Tiramisu, a well-known dessert from the Veneto region.
  • Tiramisu: one of the most popular desserts in Italy and Europe, it is made with chocolate, mascarpone, and dark-coffee-dipped savoiardi (a kind of Italian biscuits).
  • Mandorlato: typical Venetian hard torrone, made in the town of Cologna Veneta.
  • Pasta e faxioi ała veneta: a soup made by pasta, beans and bacon.
  • Grigliata mista: mixed grilled meats, as pork ribs, pork sausages, pork chops, chicken breasts, bacon strips, beef ribs, always served together with grilled polenta.
  • Gran bollito veneto (or bollito misto alla veneta): mixed boiled meats, beef, hen, beef tongue, cotechino, cooked together.
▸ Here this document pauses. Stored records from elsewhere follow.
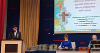 В выступлении Л.Л. Шевченко «Опыт реализации областных проектов в сфере духовно-нравственного образования и воспитания. Региональный проект 2025 г. «Святое кольцо Подмосковья. Герои» было рассказано об истории, тематике конкурса и представлены победители регионального этапа. Особенностью конкурса является коллективный характер работ участников, в подготовке которых принимают участие ученики, педагоги кураторы, родители и священнослужители.
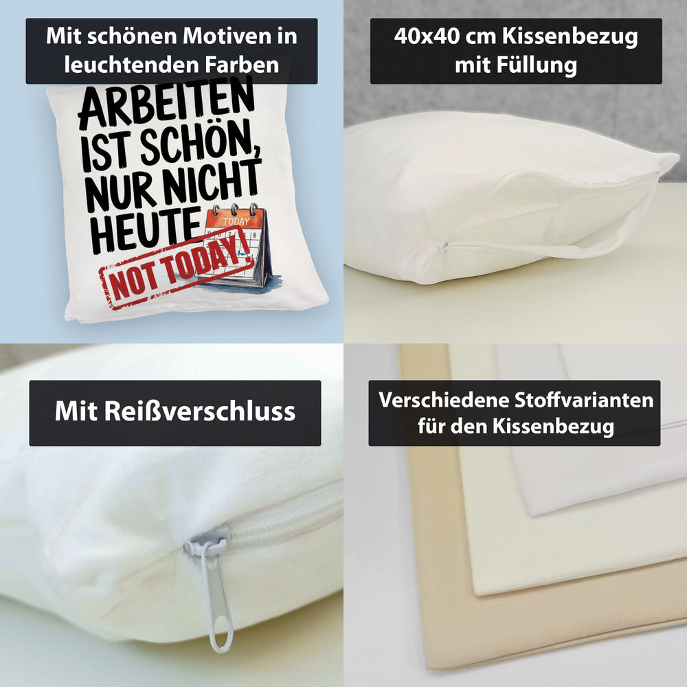 - 1x Nicht heute Arbeiten Kissen Arbeiten ist schön in der gewählten Ausführung
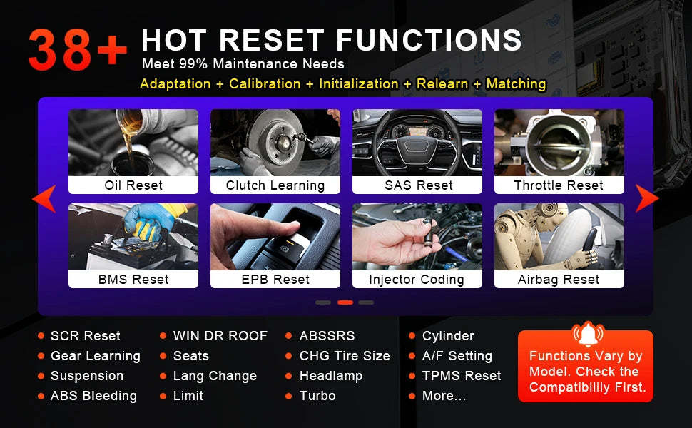 For repair workshops, holding an OTOFIX D1 Lite Auto scanner is a strong advantage over others. Its 38+ maintenance functions provide various solutions for all module repairs, including Oil Reset, TPMS Reset, Injector Coding, Suspension, Throttle Matching, etc., which will usher your repair business to a new pinnacle. Continuously updating will never make the functionality & compatibility out-of-date.
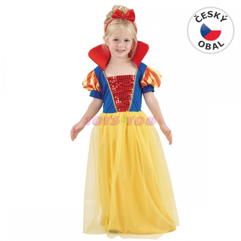 Chystáte se s dítětem na karneval, dětskou párty nebo na významnou kostýmovou událost ve škole či školce? Potom je na místě důkladný výběr vhodného kostýmu. Zkuste se zamyslet, jaký konkrétní převlek vystihne dětskou osobnost, významnou vlastnost, jaký kostým vašemu dítěti bude nejvíce slušet. Bude to kostým komiksového hrdiny, pohádkový kostým, převlek znázorňující nějaké povolání anebo krásné šaty pro princeznu? Při výběru kostýmů a tvorbě případných doplňku zažijete s dítětem spoustu zábavy. Odměnou vám i vašemu dítěti bude radost a spousta zážitků. Staňte se společně hvězdou karnevalu. Karnevalový kostým - Sněhurka Velikost: Pro malé děti (92 - 104 cm). Kostým je vhodný pro děti ve věku 3-4 roky. Obsahuje: - šaty s límcem - čelenku. Neobsahuje: - boty.
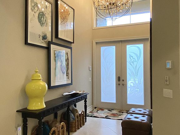 Fall in love with this rarely available, beautiful 3 Bedroom, 3 Full Bath, Open Floor Plan, ALEXANDRA GRANDE model home with 2 PRIMARY SUITES!!! Notice the Custom Etched Double Front Doors. Boasting a very spacious Great Room, Crown Molding and Millwork, Gourmet Kitchen, Formal Dining Room with Designer Chandelier, Upgraded Bathrooms, Fitted Closets, Accordion Shutters, Expansive Screened-in Lanai with Picture Window and gorgeous Travertine Pavers, and more. Valencia Reserve is a highly sought after 55+ community with a plethora of activities, clubs, 9 Har-Tru Tennis courts, Tennis Pro, Bocce, Cafe, Shows, Pools, Gym, Social Director, etc...Welcome Home!!!
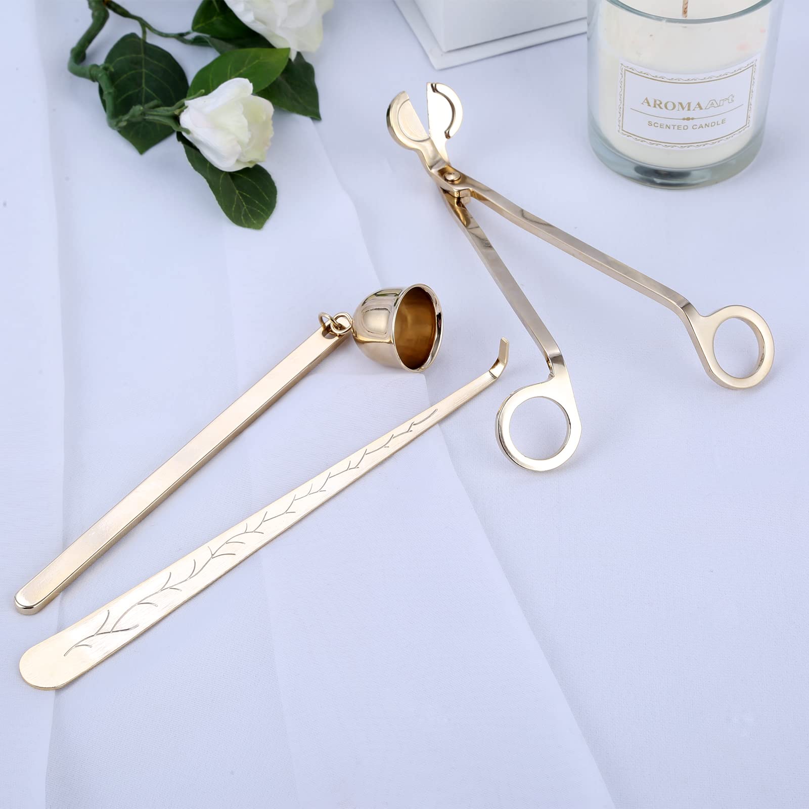 【便利&安全】芯切りばさみは平行に芯まで伸ばしてカットでき、普通のはさみより便利です。ローソクの炎を覆って、酸素との接触をカットすることで炎を消すろうそく消し鈴は煙の悩みをなくさせます。フックは芯を解けたロウソク液に押して炎を消し、芯の位置を調整できます。ローソク消しツールは柄がたっぷり長くてホットワックスなどによる傷害からよく守れます。

  • Galletto alla brace: grilled cockerel.
  • Maiale al latte: braised pork meat, cooked in the milk.
  • Tripe ała veneta: tripe cooked with vegetables, butter and olive oil, then to be served dressed with grated grana cheese.
  • Radicchio alla griglia: a Trevisan-based plate of grilled endive leaves.
  • Porchetta trevigiana: often stuffed inside a panino.
  • Gallina alla canèvera: a dish from a very old Padua or Vicenza tradition, dating back to the Middle-Age, in which hen meat is boiled together with mixed vegetables inside a pork bladder.
  • Połenta bianca: a variety of polenta made by biancoperla cornmeal, it is typical of the plain areas but above all of the territories of Padua and Venice, and it has a white and not yellow colour.
  • Sfilacci di cavallo: frayed dried horse meat, typical of Padua and its province, it can be traditionally used to dress a bigoli dish or eaten alone, but in modern years it is popular also to dress a pizza.
  • Oca in onto: a goose marinated for some day in salt or herbes and under its own fat, to be cooked later, typical of the area of Padua.
  • Bigołi al'arna: bigoli pasta served together with a duck meat sauce.
  • Spezzatino di musso: donkey stew.
  • Połenta e oxełi: roasted small birds, as quails, served together with polenta - this dish, at the time of the Republic of Venice, was exported to East Lombardy too, and in Bergamo a cake took the same name (polenta e osei).
  • Casunziei.
  • Pastìn: a typical food from Belluno, consists of mixed pork and beef meat, cut anyhow. Spices may be added in it, and this food is often eaten along with polenta.
  • Brasato all'amarone: braised beef meat cooked with Amarone wine, often served together with polenta.
  • Pastisada de caval: a dish from Veronese cuisine, dating back to the Middle-Age, in which horse meat is prepared with laurel, nutmeg, cloves, salt, pepper, vegetables, flour and beef broth, then served together with polenta.
  • Lesso con la pearà: typical dish of Verona area, it consists of mixed meats boiled together with vegetables, beef and veal marrow, and broth.
  • Tortellini di Valeggio: hand-made fresh pasta of tortellini kind, stuffed with a mix of beef and pork meats, and vegetables, usually served with melted butter and sage, they are typical of the town of Valeggio sul Mincio on the river Mincio, southwest of Verona.
  • Riso Vialone Nano: a variety of rice typical of southern Veronese plain (Bassa Veronese), it is the rice used to prepare risotti across Veneto.
  • Soppressa: typical Venetian soft salami, it can be garlic-added.
  • Carpaccio.

Drinks and alcoholic beverages

  • Prosecco: a popular sparkling wine, which is often secco, which is dry, or amabile, which gives it a relatively sweet taste.
  • Pinot Grigio: one of the most common and prestigious wines of the region.
  • Bianco di Custoza: also one of the best wines of the region, it is cultivated in the Soave region near lake Garda.